> [Data items]:
*-*-*

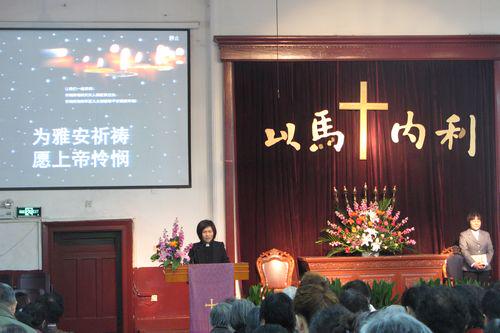 4月20日早晨8:02四川雅安发生地震。一周来,北京市基督教会缸瓦市堂各聚会都在持续为雅安祷告。
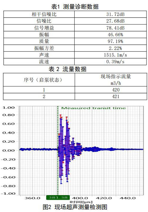 在高負荷段采用泵送補給水狀態(tài):測試時間 2018年10月11日,采用德國FLUEX高精度外夾式超 聲波流量計作為標準流量計,測量基礎(chǔ)數(shù)據(jù):管道 外徑276.93mm,管壁厚度12.40mm,采用兩聲程169mm傳感器安裝距離,通過對超聲波流量計信號 分析與診斷(數(shù)據(jù)見表1、表2和圖2),診斷數(shù)據(jù) 提示標準超聲波流量計測量狀況佳,檢測開始,啟 動補給水泵,運行一段時間流量穩(wěn)定后,測量結(jié)果 如下:
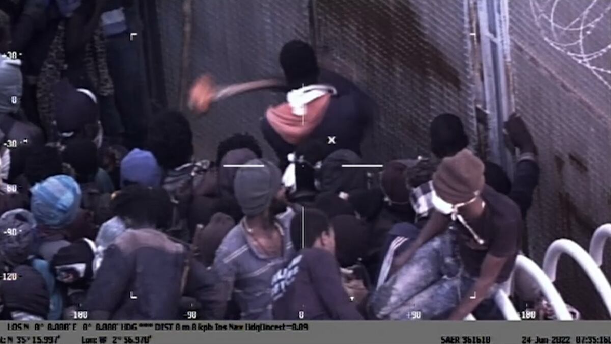 El helicóptero sí graba ese momento, capta la estampida y los instantes posteriores en los que se ve a decenas de personas atrapadas. Se distingue a las víctimas amontonadas, gritando y sacando los brazos pidiendo ayuda. Pero, en ese momento, la aeronave se mueve y pasa a centrarse en grabar la entrada de los supervivientes en Melilla y todo el operativo de contención del grupo por parte de la Guardia Civil.
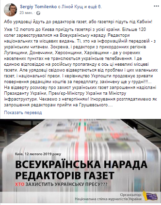 "Более 120 коллег зарегистрировались на Всеукраинском совещании. Это редакторы национальных и местных изданий. Те, кто на информационной передовой - с украинским читателем. В частности, и редакторы из приграничных регионов Луганщины, Донетчины, Херсонщины, Харьковщины, - где в отдельных населенных пунктах не транслируется украинское телевидение. И где единственным ответом на российскую пропаганду есть вот эти небольшие местные газеты. Но чиновники сознательно отворачиваются от проблем и этих маленьких газет и национальной прессы. И руководство Укрпочты продолжает срывать возвращения редакциям средств за подписку, законченную еще в декабре!!!", - написал в соцсети глава НСЖУ и добавил, что если первые лица государства проигнорируют Всеукраинское совещание редакторов газет, то это будет рассмотрено, как повод прийти на Грушевского.
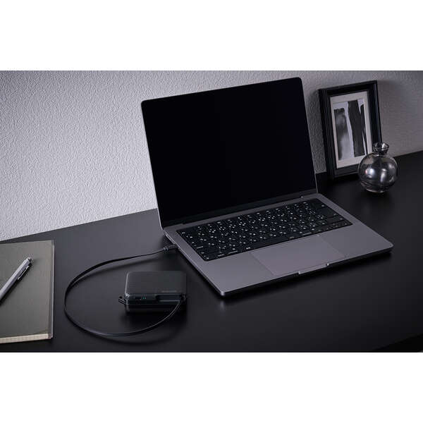 最大30Wの高出力でスマートフォンやタブレットを充電できるのはもちろん、MacBook Airなどのノートパソコンにも対応しているため、外出先で急にバッテリーが切れても安心です。
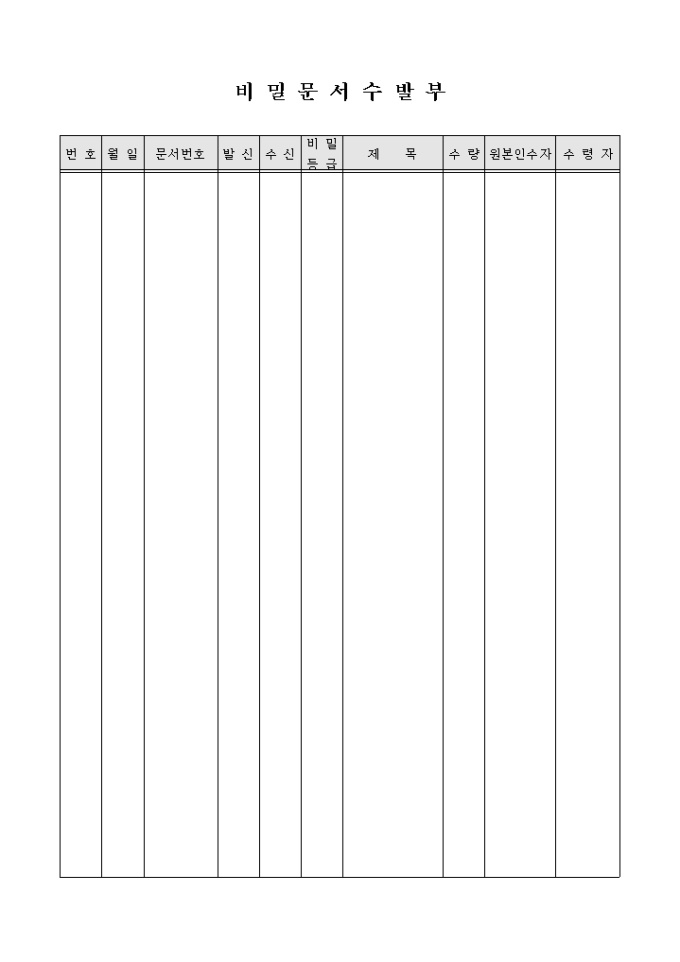 9,000원/월비밀문서 수발시 사용하는 서식으로 문서번호, 발신, 수신, 비밀등급, 제목, 수량등의 항목으로 구성되었습니다.
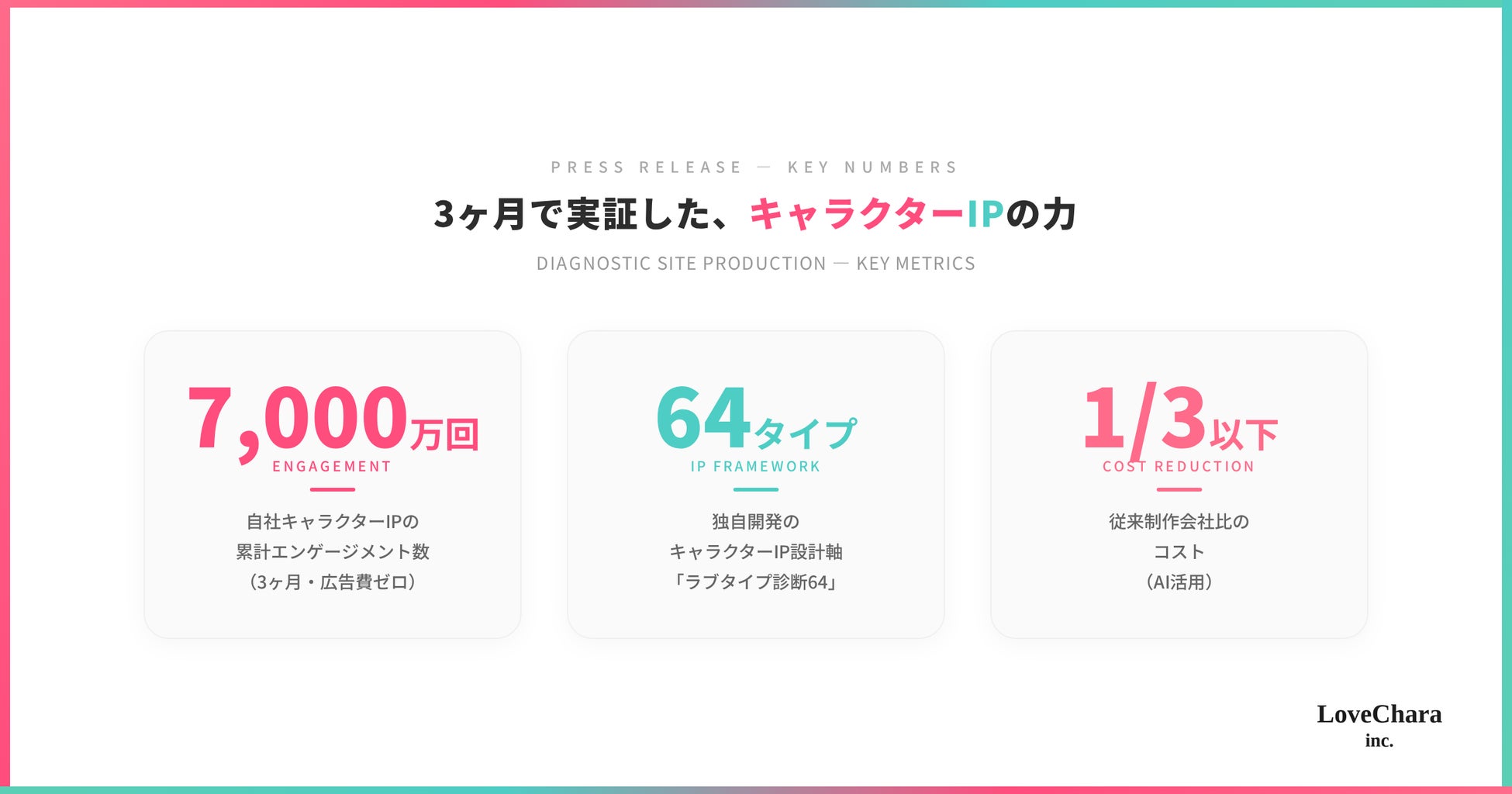同社は、キャラクターが「なぜ愛されるのか」「なぜシェアされるのか」を64のタイプに分類・体系化した独自のIPフレームワーク「ラブタイプ診断64」を開発。
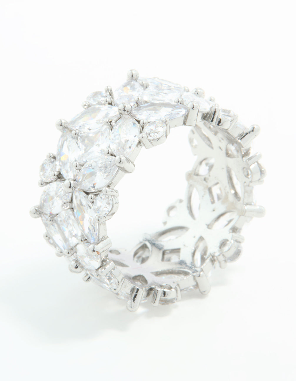 Elevate your accessory game with this stunning Silver Cubic Zirconia Floral Wide Band Ring. This ring combines elegance and charm, featuring a wide band design adorned with delicate floral patterns and sparkling cubic zirconia crystals. The silver-toned finish adds a polished, timeless touch, making it perfect for everyday wear or special occasions. Whether you're dressing up for a fancy dinner or adding some flair to your casual outfit, this wide band ring is a versatile choice. Pair it with flowy dresses for a romantic vibe or stack it with simpler rings for a bold, layered look. A gorgeous addition to your jewellery collection, this floral ring is ideal for anyone who loves blending sophistication with a youthful, playful edge!

*-*-*

> [Problem statement]:
From the first line to the last, print the records exactly; leave out the pictures.

> [Task answer]:
 4月20日早晨8:02四川雅安发生地震。一周来,北京市基督教会缸瓦市堂各聚会都在持续为雅安祷告。
 在高負荷段采用泵送補給水狀態(tài):測試時間 2018年10月11日,采用德國FLUEX高精度外夾式超 聲波流量計作為標準流量計,測量基礎(chǔ)數(shù)據(jù):管道 外徑276.93mm,管壁厚度12.40mm,采用兩聲程169mm傳感器安裝距離,通過對超聲波流量計信號 分析與診斷(數(shù)據(jù)見表1、表2和圖2),診斷數(shù)據(jù) 提示標準超聲波流量計測量狀況佳,檢測開始,啟 動補給水泵,運行一段時間流量穩(wěn)定后,測量結(jié)果 如下:
 El helicóptero sí graba ese momento, capta la estampida y los instantes posteriores en los que se ve a decenas de personas atrapadas. Se distingue a las víctimas amontonadas, gritando y sacando los brazos pidiendo ayuda. Pero, en ese momento, la aeronave se mueve y pasa a centrarse en grabar la entrada de los supervivientes en Melilla y todo el operativo de contención del grupo por parte de la Guardia Civil.
 "Более 120 коллег зарегистрировались на Всеукраинском совещании. Это редакторы национальных и местных изданий. Те, кто на информационной передовой - с украинским читателем. В частности, и редакторы из приграничных регионов Луганщины, Донетчины, Херсонщины, Харьковщины, - где в отдельных населенных пунктах не транслируется украинское телевидение. И где единственным ответом на российскую пропаганду есть вот эти небольшие местные газеты. Но чиновники сознательно отворачиваются от проблем и этих маленьких газет и национальной прессы. И руководство Укрпочты продолжает срывать возвращения редакциям средств за подписку, законченную еще в декабре!!!", - написал в соцсети глава НСЖУ и добавил, что если первые лица государства проигнорируют Всеукраинское совещание редакторов газет, то это будет рассмотрено, как повод прийти на Грушевского.
 最大30Wの高出力でスマートフォンやタブレットを充電できるのはもちろん、MacBook Airなどのノートパソコンにも対応しているため、外出先で急にバッテリーが切れても安心です。
 9,000원/월비밀문서 수발시 사용하는 서식으로 문서번호, 발신, 수신, 비밀등급, 제목, 수량등의 항목으로 구성되었습니다.
同社は、キャラクターが「なぜ愛されるのか」「なぜシェアされるのか」を64のタイプに分類・体系化した独自のIPフレームワーク「ラブタイプ診断64」を開発。
 Elevate your accessory game with this stunning Silver Cubic Zirconia Floral Wide Band Ring. This ring combines elegance and charm, featuring a wide band design adorned with delicate floral patterns and sparkling cubic zirconia crystals. The silver-toned finish adds a polished, timeless touch, making it perfect for everyday wear or special occasions. Whether you're dressing up for a fancy dinner or adding some flair to your casual outfit, this wide band ring is a versatile choice. Pair it with flowy dresses for a romantic vibe or stack it with simpler rings for a bold, layered look. A gorgeous addition to your jewellery collection, this floral ring is ideal for anyone who loves blending sophistication with a youthful, playful edge!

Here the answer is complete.